With God On Our Side
First shown on Channel 4 in October 2004

US president and born-again Christian George Bush believes that both he and his country have a special relationship with God, and he’s taken his faith straight into the White House. His cabinet meetings commence with prayers, there are regular bible study sessions in the House, and his straight-talking speeches are peppered with 'good v evil' mantras. How did the US, a country which supposedly cherishes the separation between church and state, acquire a president who has openly breached that divide but at the same time built a wall between Christians and those of other religions or none?
Channel 4's two-part programme, With God On Our Side, investigates the revival of the evangelical movement and the journey that led it to the White House. Galvanised into politics 50 years ago by communism abroad and the election of Roman Catholic president JFK at home, then by liberal policies that attacked its traditional moral values, the religious right consciously decided to ‘do everything to get involved in the political process’.

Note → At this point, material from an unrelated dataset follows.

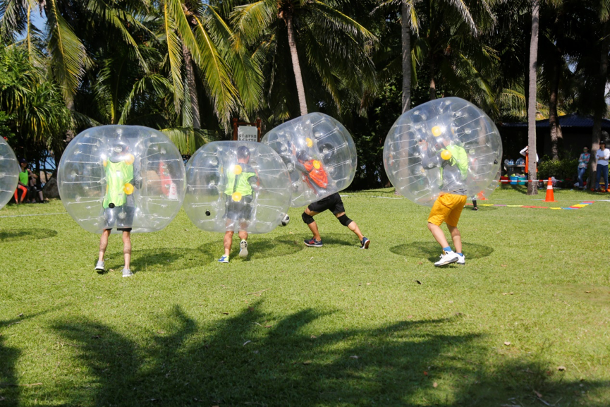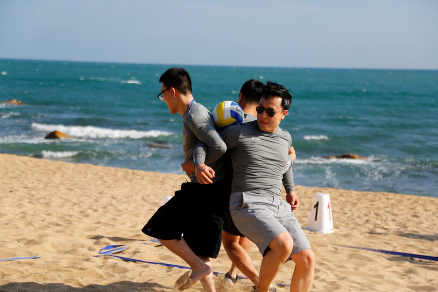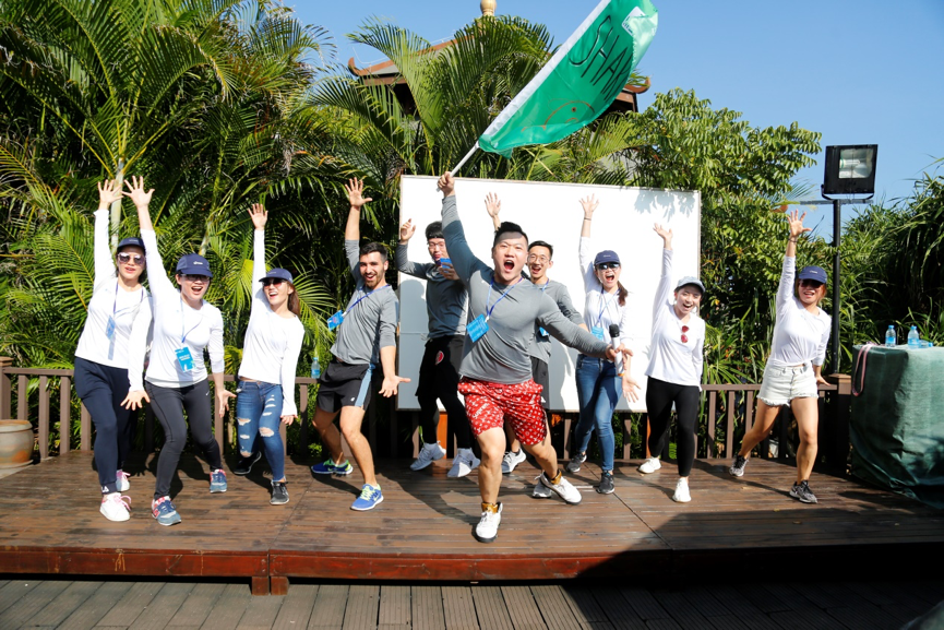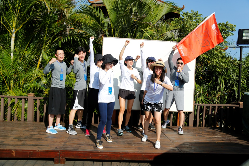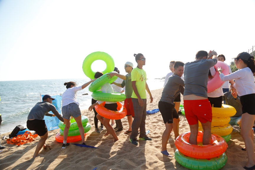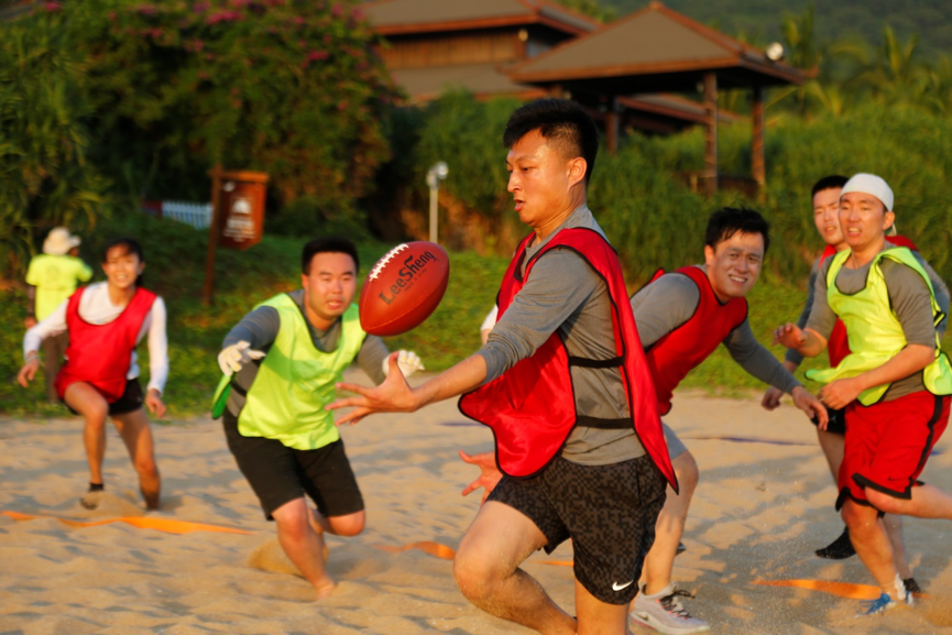 随后的3个小时,他们分为四队进行比赛,三人夹球跑、沙滩袋鼠跳、救生圈叠叠乐、椰子投篮机、沙滩橄榄球,每一项运动都需要全体成员投入百分之一百二十的努力,或上阵比赛,或场边呐喊,或出谋划策。如果帽子会被风吹跑,那就毅然的扔掉帽子,直面海岛阳光的挑战,如果鞋子会被沙子灌满,那就决然的脱掉鞋子,赤着脚在沙滩上全力奔跑,如果墨镜会影响比赛的发挥,那就果断摘掉墨镜,迎着耀眼的阳光向着团队的荣耀进发!

After years of unsuccessfully trying to curry favour with the presidents of the time – initially welcoming born-again Jimmy Carter, for example, until they realised his politics were more liberal than his personal faith – the movement set out to populate the grassroots of the Republican Party with pro-family Christians.
Since the presidential campaign in 1980, the religious right – mainly through the Christian lobbying group the Moral Majority (whose line was ‘get them saved, get them baptised and get them registered’) and then later through the Christian Coalition – has been providing crucial organisational, financial and motivational support for the Republicans in exchange for influence in Washington.

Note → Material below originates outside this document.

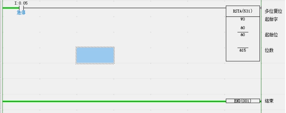 歐姆龍手冊(cè)上多位復(fù)位RSTA的用法,只針對(duì)輸入或輸出繼電器做了例子,要對(duì)內(nèi)部繼電器進(jìn)行多位復(fù)位,和手冊(cè)上的例程有點(diǎn)不一樣,D起始字指定W0,N1起始位設(shè)定&0,N2位數(shù)設(shè)定&15,即從內(nèi)部繼電器W0的0.00開(kāi)始往高位15個(gè)位數(shù)復(fù)位。

Although they are only a small minority of the party, members have used the movement’s power to mobilise Christians through the churches with ‘get out the vote’ drives, voter guides and fundraisers. Meanwhile, the movement’s leaders have gone after the local apparatus of the Republican Party ‘precinct by precinct, community by community and state by state’ to gain formal access to the party’s policymaking processes. In 2000 they were rewarded with the ‘real deal’: George W Bush, ‘the first president to become the movement’s de facto leader’.